Mayo selector Seán Carey says the county’s number of All-Ireland final appearances is the envy of the vast majority of counties, writes John Fogarty.
Tomorrow week, they will attempt to win a decider at the eighth time of asking since their last success in 1951 but Carey believes their consistency in making September dates makes impressive reading.
“I think, to be honest, since Mayo have come back into public consciousness in ’96, there’s 20 years where we’ve been there or thereabouts every couple of years. There’s always pressure but it’s a pressure that I think every other county would take. That you’re there at the top table and you’re competing and your reputation is as a county that achieves and is competitive over that 20-year period.
“So, I’d say that there is pressure but it’s a pressure that 27, 28 other counties would gladly take in that time frame if they could have the kind of… maybe not actually winning it, but being competitive, consistently competitive over that 20 years.”
Mayo have been the “kingmakers” since 2012, losing to the would-be champions on each occasion. Carey sees merit in that record. “I think the only thing you can take out of that is the excellence of the group of Mayo players. Some people might look at that differently; I would say that’s a sign of the potential these players have.
“You could look at that in a lot of different ways but the fact that it has taken the eventual winners to make us exit the championship, I think there’s something very positive about that. Okay, you could wallow in that but the truth is that it’s a sign that this group of players are excellent and really, really good at what they do. There’s very, very small margins between us and what we want to achieve.”
Of Mayo’s six defeats since 2011, the biggest margin has been seven points – last year’s semi-final replay loss to Dublin. Next to that, it’s four points. “They haven’t been beaten heavily,” says Carey. “They’ve been there or thereabouts. The teams that have made them exit in the last couple of years are the teams that have gone on to claim it.”

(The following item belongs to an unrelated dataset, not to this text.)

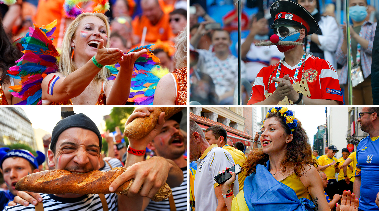 Грустные поклонницы сборной Хорватии, наблюдающие за вылетом своих любимцев от Испании; Луиджи и Марио, которые гонят к победе на Евро-2020 дружину Роберто Манчини; шотландцы в национальных костюмах с раскрашенными лицами; неожиданные испанцы и счастливые украинцы, русский колорит и шведские мужчины в женских костюмах, черепашки-ниндзя с лицом Килиана Мбаппе, Астерикс и Обеликс в толпе фанатов сборной Франции — «Газета» публикует подборку самых ярких болельщиков, собравшихся на трибунах стадионов и улицах городов.
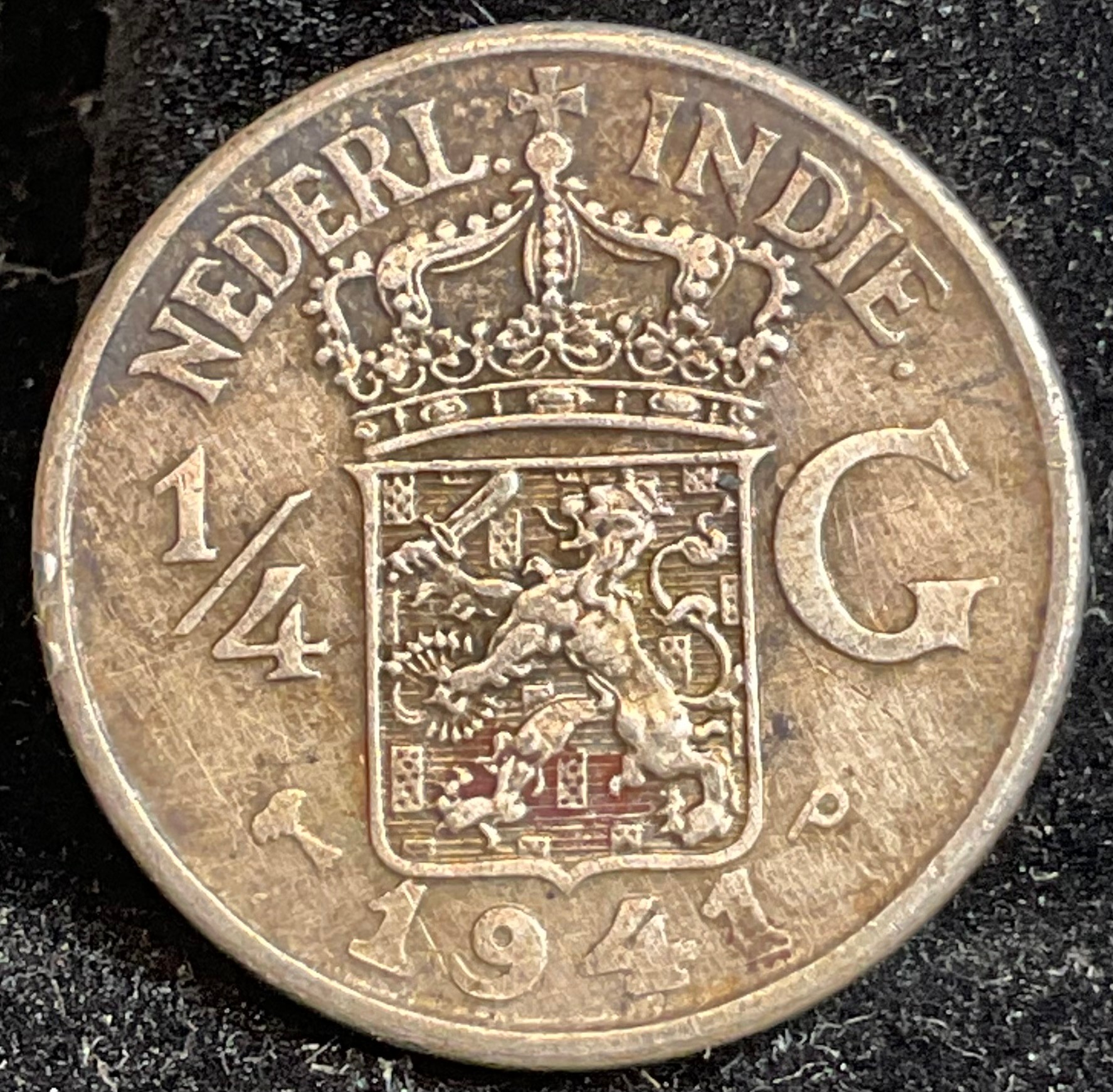 1941 Netherlands East Indies 1/4 Gulden Silver Coin - 72% silver - good used condition

Carey wouldn’t say the job Stephen Rochford’s management team were presented with this year was low maintenance but then it wasn’t brain surgery either. “I would have been at all of those big games in the last five or six years and I think anybody who follows football would realise that Mayo have been really, really competitive and that they’ve been knocked out by the eventual winners each time.
“So I don’t think anybody out there can think that there was a massive reconstructive thing that was needed. These guys are seriously committed athletes and they know what they’re doing. There’s a lot of talent there and I think they believe they can win it and, leaving Croke Park last year, I believed that they could still win it and I believe now that they can win it.”